UAE: MoE, KHDA, ADEK, and Wadeema's Law alignment
AILitKit supports UAE schools in meeting the Ministry of Education AI literacy mandates effective from the 2025-26 academic year, and in operating within the relevant regional regulators:
- MoE AI Curriculum. The UAE mandates AI literacy integration across all K-12 subjects. AILitKit generates guides mapped to the MoE's seven AI domains.
- KHDA AI Literacy (Dubai). Dubai private schools under KHDA jurisdiction can use AILitKit guides aligned to the KHDA AI Literacy Framework, launched February 2026.
- ADEK (Abu Dhabi). Schools under ADEK jurisdiction receive guides framed against ADEK's curriculum and safeguarding expectations.
- Wadeema's Law (Federal Law No. 3 of 2016). Safeguarding framings in AILitKit guides reference Wadeema's Law and the UAE National Child Protection Policy in place of UK statutory references when the school is operating in the UAE.

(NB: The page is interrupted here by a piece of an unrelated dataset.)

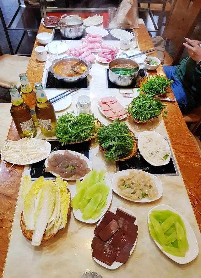 菠萝味啤酒那是首选,羊肉口感出乎意料的好,鸭血、茼蒿、鸭肠、魔芋,这些在新加坡吃不到或者很难吃到的东西,都能一次满足,关键是食材都很新鲜,火锅就是可以让你和队友一直吃一直聊,直到天荒地老而一点没有察觉的东西!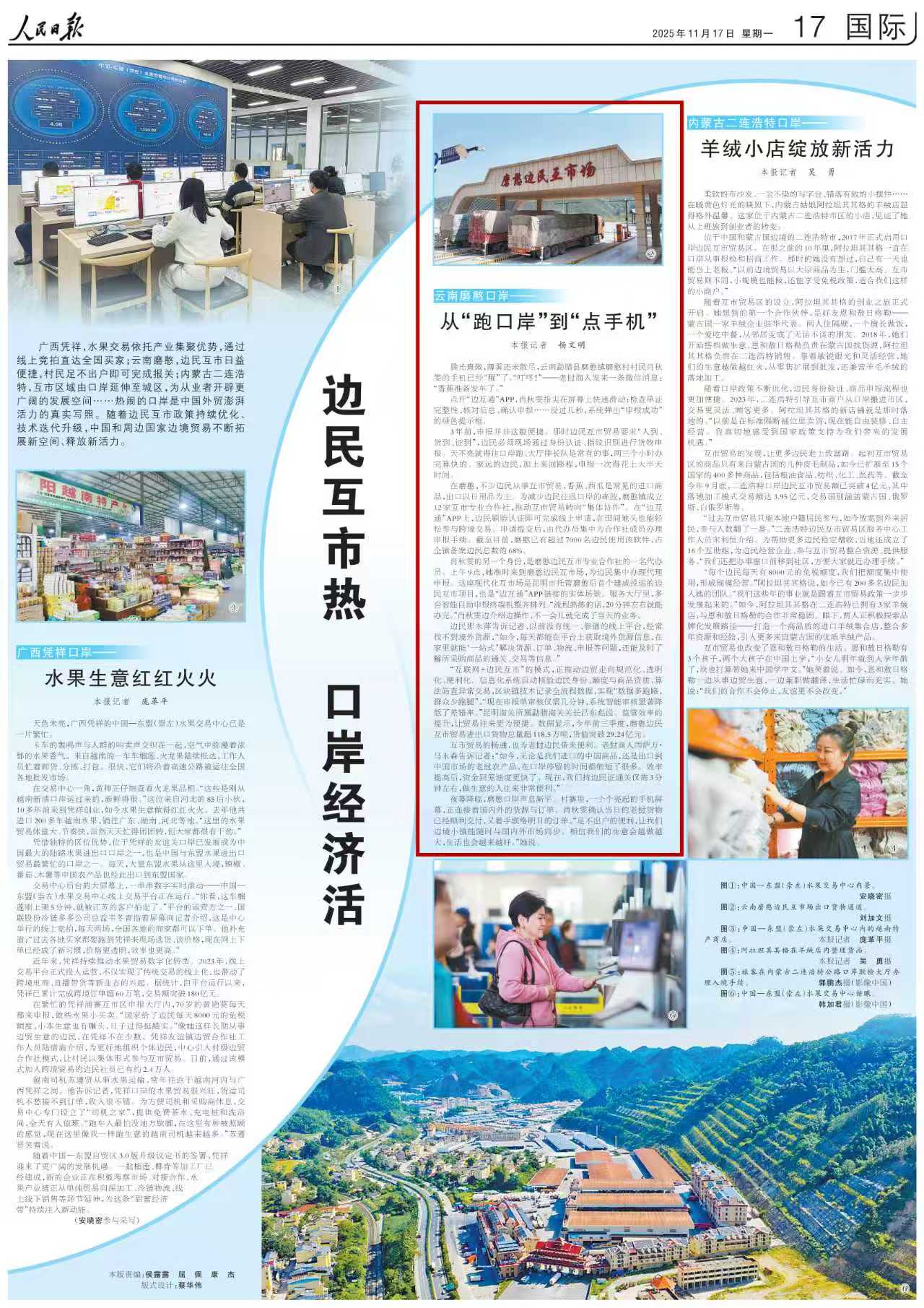 “互联网+边民互市”的模式,正推动边贸走向规范化、透明化、便利化。信息化系统自动核验边民身份、额度与商品资质,算法筛查异常交易,区块链技术记录全流程数据,实现“数据多跑路,群众少跑腿”。“现在申报单审核仅需几分钟,系统智能审核显著降低了差错率。”昆明海关所属勐腊海关关长吕东彪说。监管效率的提升,让贸易往来更为便捷。数据显示,今年前三季度,磨憨边民互市贸易进出口货物总量超118.5万吨,货值突破29.24亿元。

- Teacher-led approach. Activities are designed for teacher-led delivery, in line with MoE guidance that AI tools in schools should be supervised by qualified educators.
- Data protection. AILitKit's data practices align with UAE PDPL requirements. See our UAE Data Protection page.
Review cadence
This statement is reviewed at least every six months and immediately after any change to the safeguarding gate, the classifier model, the admin-visibility surface, or the statutory frameworks named above. The “Last updated” date at the top of this page records the most recent revision.